Can Crocs (Nasdaq: CROX) bite back? The footwear purveyor posted heartening first-quarter results, but the long-term sustainability of its growth remains in question.

Crocs swung to a first-quarter profit of $5.7 million, or $0.07 per share. Last year this time, it reported a harrowing net loss of $22.4 million, or $0.27 per share. Revenue surged 23.7% to $166.9 million, but that's an easy comparison to last year's malaise, when first-quarter revenue dropped 32%.

Crocs distributes through many retailers across the board; it discussed its relationship with DSW (NYSE: DSW), Shoe Show, and Famous Footwear in its conference call. Wholesale revenue made up the lion's share of its quarterly sales. However, Crocs plans continued expansion of its own retail stores -- a questionable move in economically uncertain and volatile times. Is the brand hardy enough to warrant such expansion?

The company did reveal international strength; Asia led the way, with sales there jumping 40.3% to $54.7 million. Of the 39 stores the company plans to open in the second quarter, two-thirds will reside in Asia.
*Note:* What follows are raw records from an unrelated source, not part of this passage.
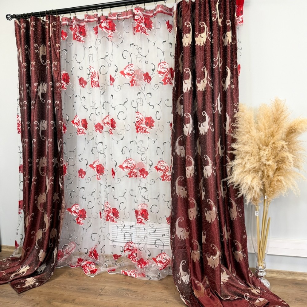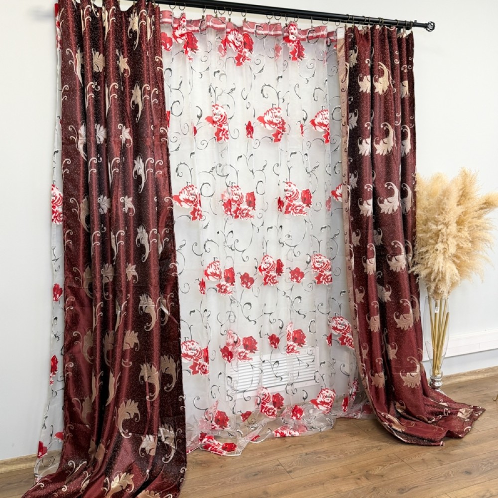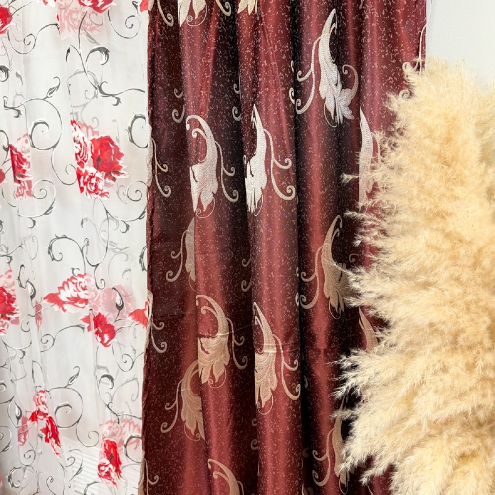Set 2 bucati de Draperie Jacquard, Leaves, 150cm latime x 270cm înălțime, cu rejansa pt sina, Grena, CumparaMisim, cod produs: DTD-DR-08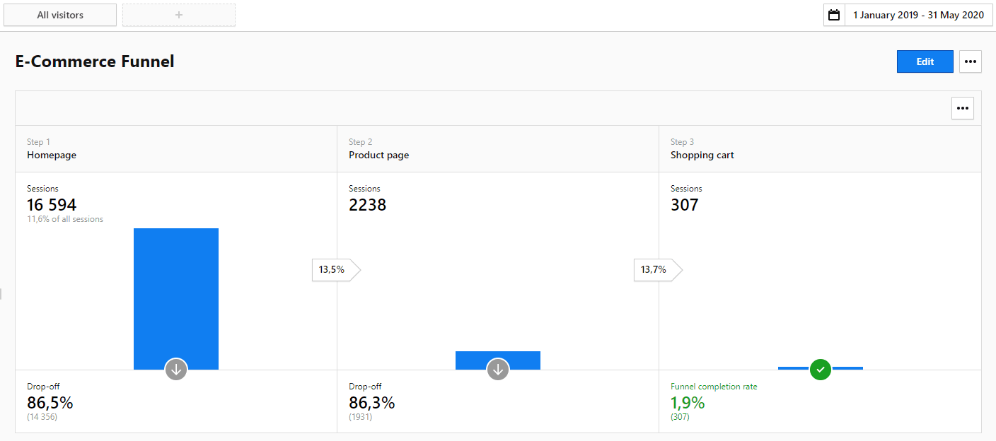A moment in life, however, is often no longer repeatable or even retrievable. Fortunately, the case is quite different in web analytics. You can create funnels, user flows or custom reports at any time of your choosing.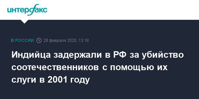 Индийца задержали в РФ за убийство соотечественников с помощью их слуги в 2001 году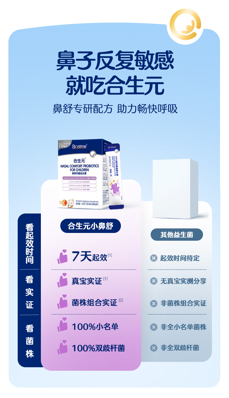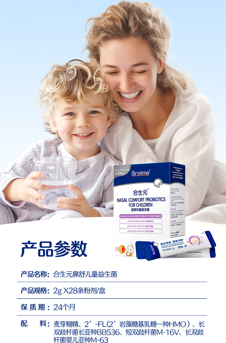 合生元(BIOSTIME)小鼻舒益生菌儿童舒敏好鼻子鼻炎益生菌28袋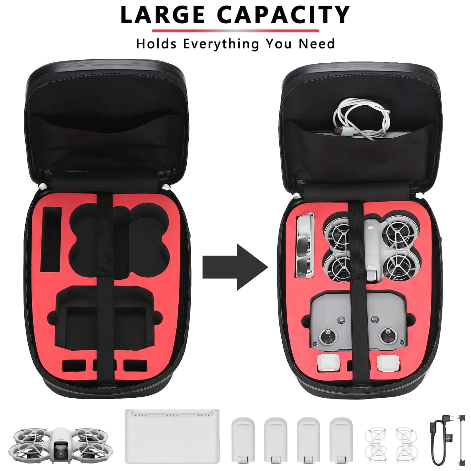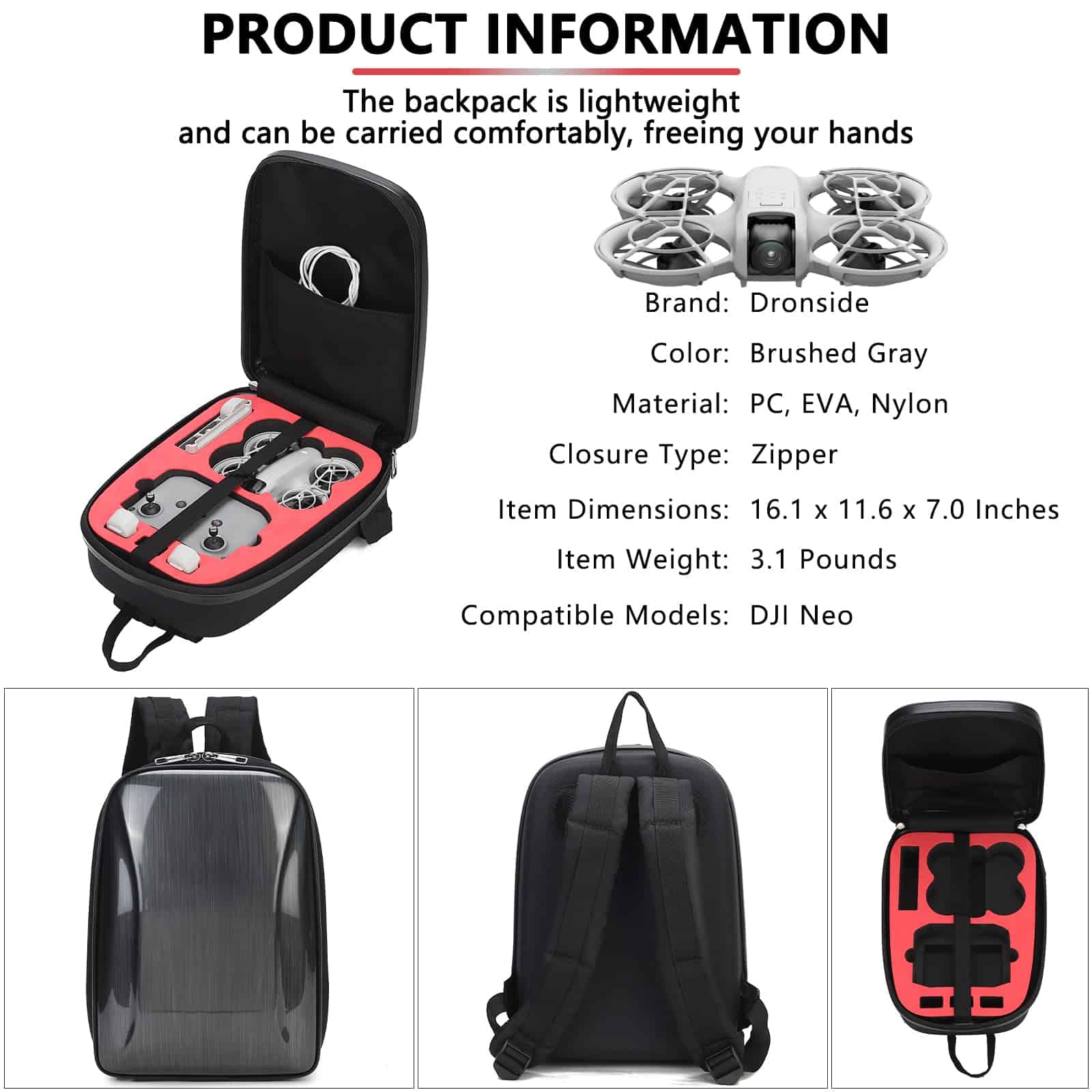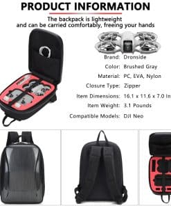 Mochila dura para DJI Neo Fly More Combo – Cómoda mochila a prueba de golpes para accesorios de Drone DJI Neo. Color: Gris. Tamaño: 16.1 x 11.6 x 7.0 pulgadas. Peso: 1.4 kg (3.1 lb). Material: PC + EVA. Compatible con el modelo: DJI Neo Fly More Combo. Espacio de almacenamiento para drone DJI Neo, control remoto DJI RC-N3, baterías de vuelo inteligentes, cargador de batería, filtros ND, hub de carga de baterías, hélices de bajo ruido, cables y otros accesorios. Paquete incluye: 1x Mochila Dura para DJI Neo Drone (NO incluido el drone, control remoto y otros accesorios de drone). Aviso: 1. Debido a la diferencia de luz y pantalla, el color del artículo puede variar ligeramente de las imágenes. 2. Permita diferencias de 1-2 cm debido a la medición manual. 3. Cualquier pregunta sobre esta funda de accesorios para dji air, no dude en contactarnos, ¡haremos nuestro mejor esfuerzo para servirle!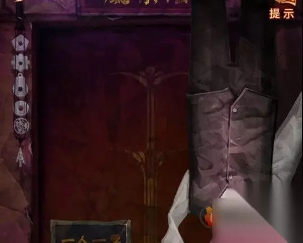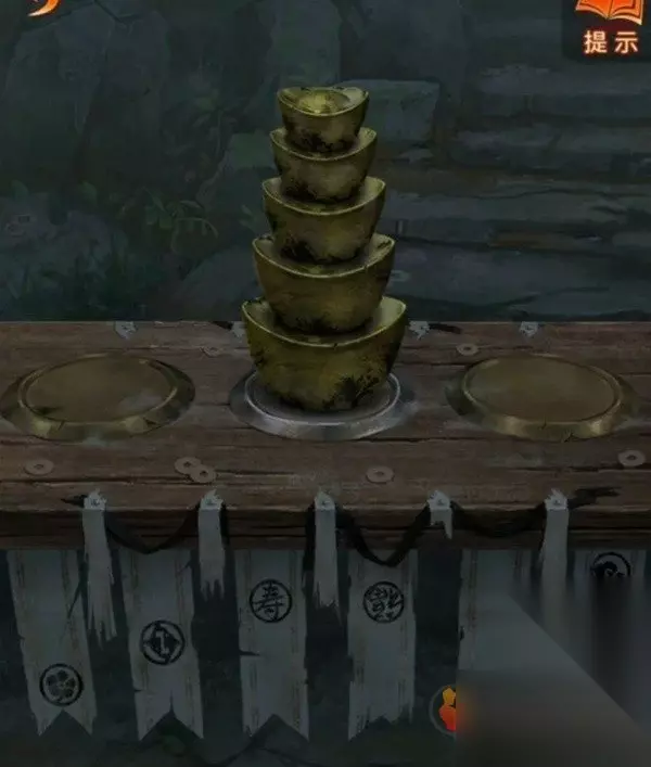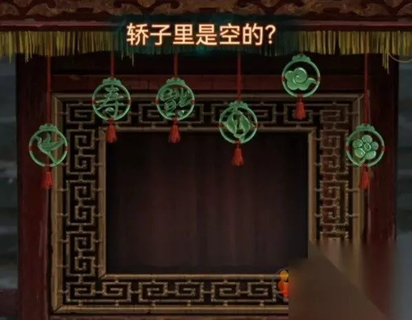 先查看一下轿子不让掀开帘子,那查看一下左边的桌子,使用金元宝后玩一个叠叠乐小游戏,将所有元宝都移动到中间画有元宝图案的地方,完成后下面布条打开,观察一下布条大概是有四种高度的,最高的是云,第二高的是福寿,第三高的是1,最下面的是花鸟,记下来再次查看花轿调整到同高度。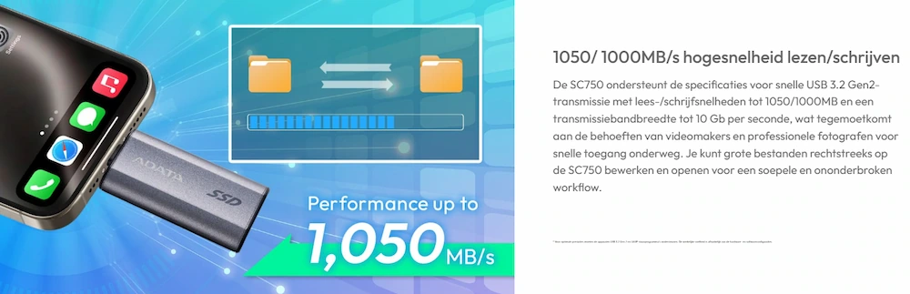 ADATA SC750 External SSD با رابط USB 3.2 Gen2 Type‑C سرعت خواندن و نوشتن متوالی تا 1050 MB/s و 1000 MB/s ارائه میدهد. طراحی جمعوجور و بدون نیاز به کابل این مدل، آن را به گزینهای مناسب برای ذخیره و انتقال سریع داده در تلفنهای همراه، تبلتها و سیستمهای رایانهای تبدیل کرده است.این درایو در ظرفیتهای 500 GB، 1 TB و 2 TB عرضه میشود.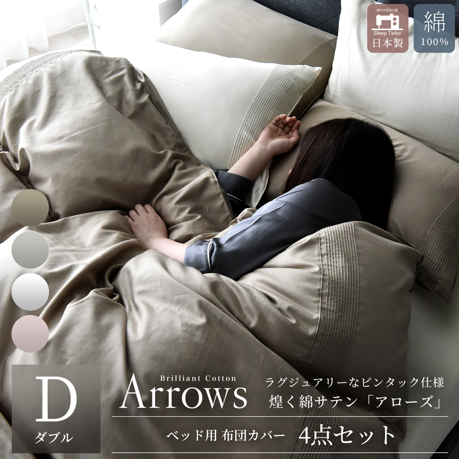 布団カバー 4点セット ダブル 布団カバーセット 高級綿100% 日本製 希少なピンタック サテン 高級ホテル仕様 冬 あったか 極艶 アローズ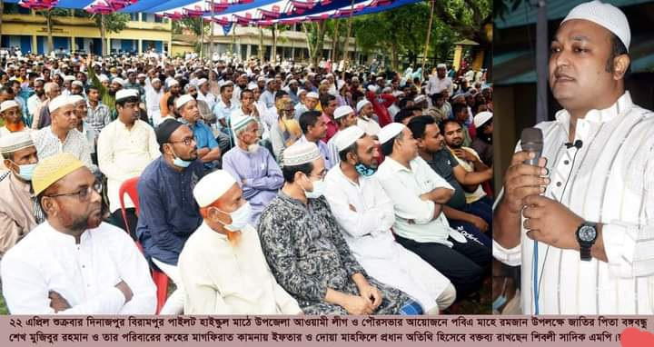 জাতির পিতা বঙ্গবন্ধু শেখ মুজিবুর রহমান ও তার পরিবারের শহীদদের রুহের মাগফিরাত কামনায় দিনাজপুরের বিরামপুর উপজেলা আওয়ামী লীগ ও পৌরসভার আয়োজনে ইফতার ও দোয়া মাহফিল অনুষ্ঠিত হয়েছে। শুক্রবার (২২ এপ্রিল) বিকেল ৫টায় পৌর শহরের পাইলট উচ্চ বিদ্যালয় চত্বরে ইফতার ও দোয়া মাহফিলে প্রধান অতিথির বক্তব্য রাখেন দিনাজপুর-৬ আসনের সংসদ সদস্য ও সমাজকল্যাণ মন্ত্রণালয় সম্পর্কিত স্থায়ী কমিটির অন্যতম সদস্য মো. শিবলী সাদিক।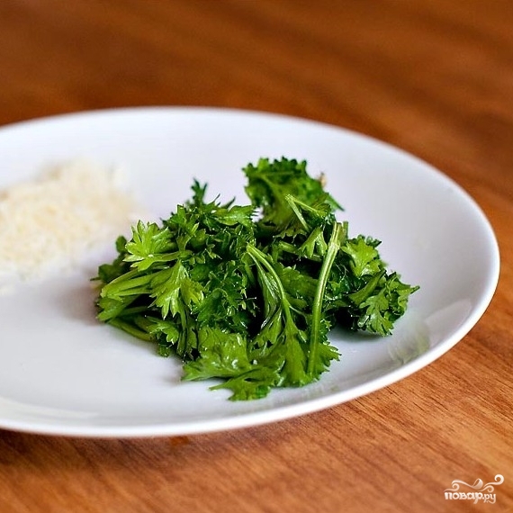 [показать] Пармезан натираем на самой мелкой терке, петрушку хорошенько промываем.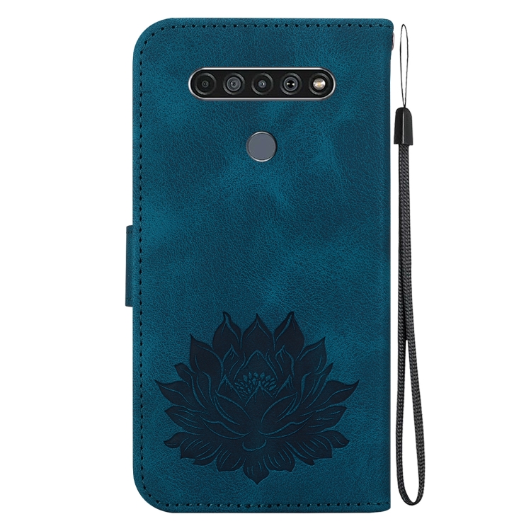 Funda de Cuero para LG K61 con Relieve de Loto (Azul Oscuro)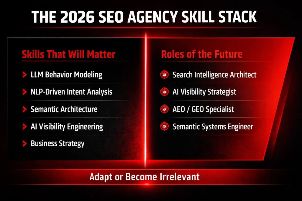 By 2026, the defining factor between surviving SEO agencies and those that fade into irrelevance will not be tools, tactics, or even AI adoption—it will be skills. The SEO agency of the future will look far less like a production shop and far more like a search intelligence firm. Execution will be automated. Insight, interpretation, and orchestration will be the real value.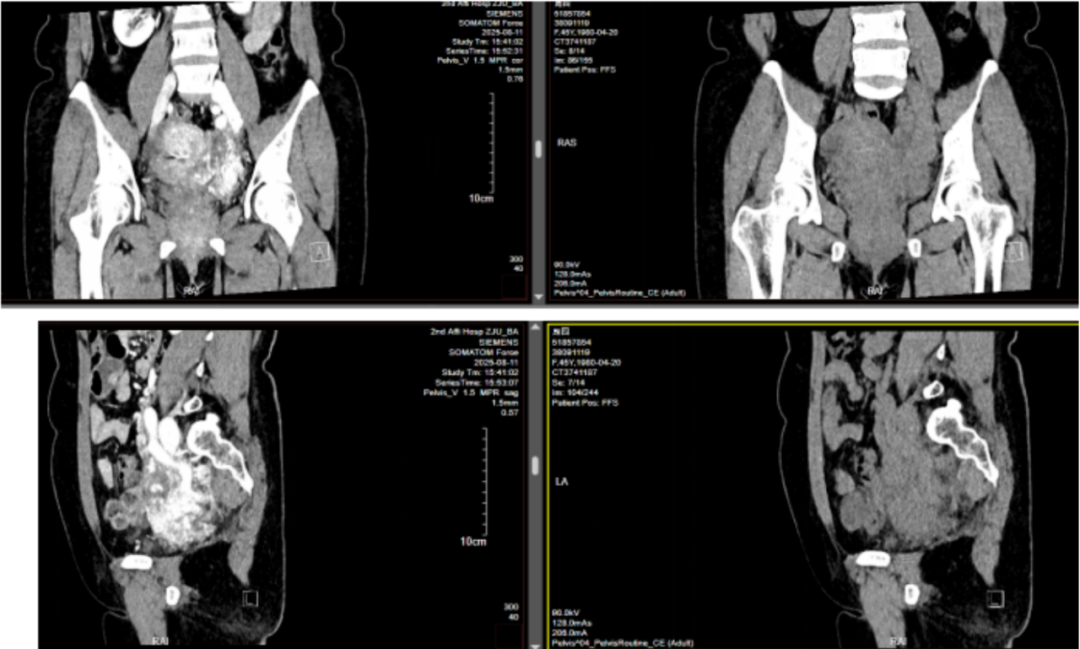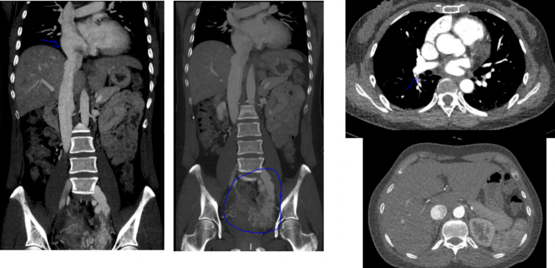 考虑到患者为女性,45 岁正是围绝经期,并且患者表示自己近 2 月有月经不规律的情况,因此又补充了妇科影像学检查。其中的盆腔增强 CT 显示,患者子宫多发肌瘤,右侧附件区囊肿,盆腔左侧血管曲张,左髂静脉、下腔静脉可疑充盈缺损。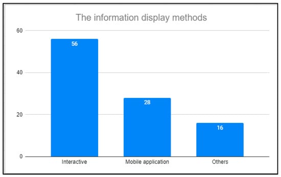 Based on the information display method, 56 of respondents prefer information to be displayed in an interactive way, 28 prefer mobile applications, and 16 require other strategies. The results for information display methods are shown in Figure 4.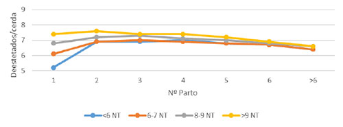 Gráfico 2. Evolución de los lechones destetados por parto (LDP) en la vida productiva en función de los NT en el primer parto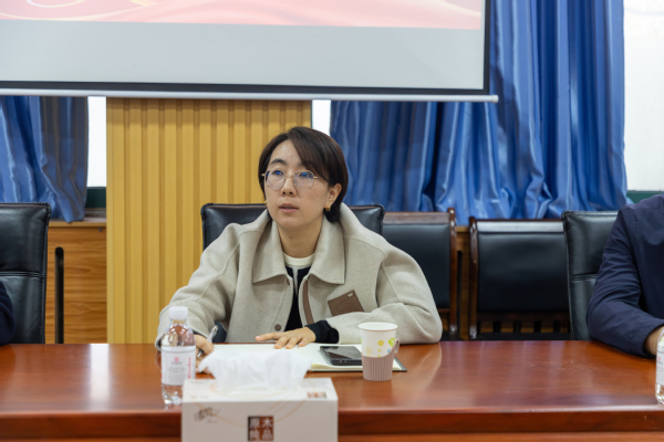 会上,学院首先就心理健康教育工作开展情况及特色活动进行汇报。薛慧围绕学院构建的“4321”心理工作机制展开详细介绍:“4 级教育”层层递进,通过“日日小感”引导学生关注日常情绪、“周周微课”普及基础心理知识、“月月讲座”聚焦重点心理议题、“年年测评”精准掌握学生心理状态;“3 支队伍”协同发力,以学生工作队伍为核心、心理委员队伍为纽带、学校心站队伍为支撑,织密心理健康服务网络;“2 个导向”精准赋能,一方面以行动为导向,多举办实践体验类心理活动,另一方面以网络心理健康平台为导向,拓宽心理服务覆盖渠道;“1 个特色”亮点突出,创新探索“艺术+心理”特色途径,将艺术表达与心理疏导有机结合,为学生心理健康成长注入新活力。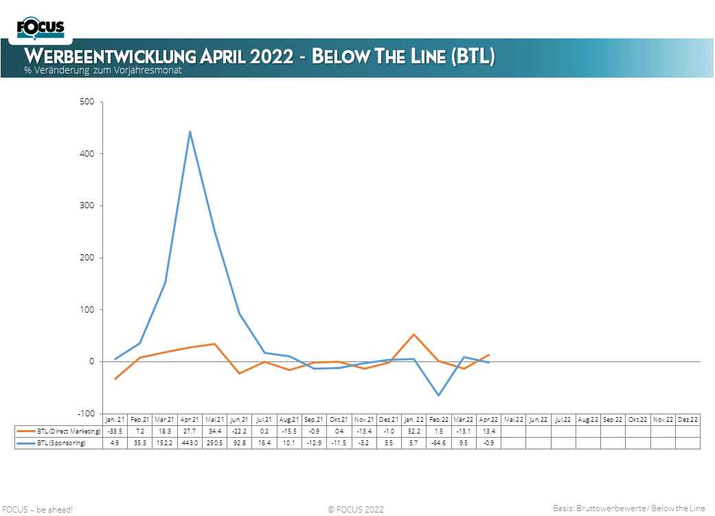 Auch die Bereiche Transport (22,8%), Regionale Wochenzeitungen (22,7%), Street Furniture (21%) und Privater Hörfunk (20,8%) verbuchen im Schnitt Steigerungsraten von über 20%. Leichte Verluste gibt es im April lediglich beim Sponsoring.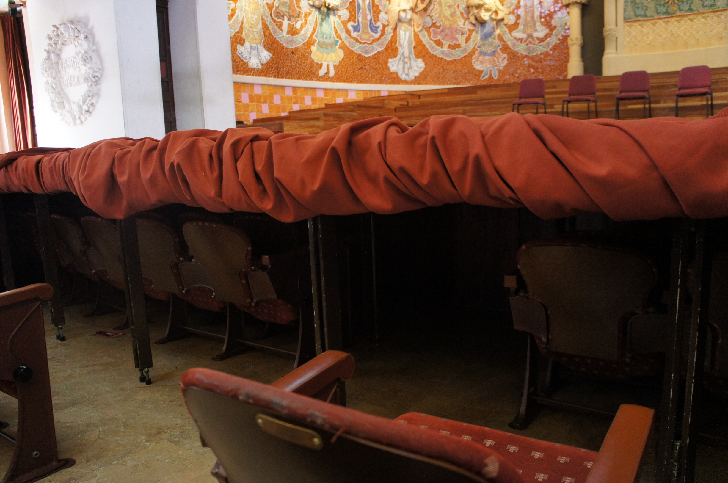 好,開始guided tour了,帶我哋o既導賞員講o既英文充滿catalan口音,要好留心聽丫~我哋係呢個小練習廳先聽聽關於Palau o既基本o既資料,睇咗一段video,之後就正式邊行邊睇了~SONY DSC

On the balance sheet, Crocs' accounts receivable line grew by 60.8%, exceeding revenue growth. This means the company has not yet been paid for some of the sales recorded during the quarter, a caveat worth noting. (In fairness, this is nothing compared to the midst of Crocs' most troubling times, when both its inventories and its accounts receivable burgeoned big time.)

Still, kudos to Crocs for paying down the debt that made such a risky stock during the financial crisis and credit crunch. In the conference call, newly minted CEO John McCarvel gave a shout-out to the company's crocodile-like survival skills, mentioning the "relentless will to survive, to thrive, even when conditions weren't exactly ideal."

Any company that relies on fickle fashion will always face ongoing risk, though. Crocs has survived one travail, but it still faces stiff competition from the likes of Nike (NYSE: NKE), Skechers (NYSE: SKX), VF's (NYSE: VFC) Vans, and many more for a place on the feet of well-heeled consumers. Crocs also recently lost a fairly new CEO. And while investors who bottom-fished the foamy-footwear maker have done well, the company doesn't look especially cheap right now, with a PEG ratio of 1.79.

Crocs appears to be off the endangered list, but I still think long-term investors would find firmer footing in far more stable stocks.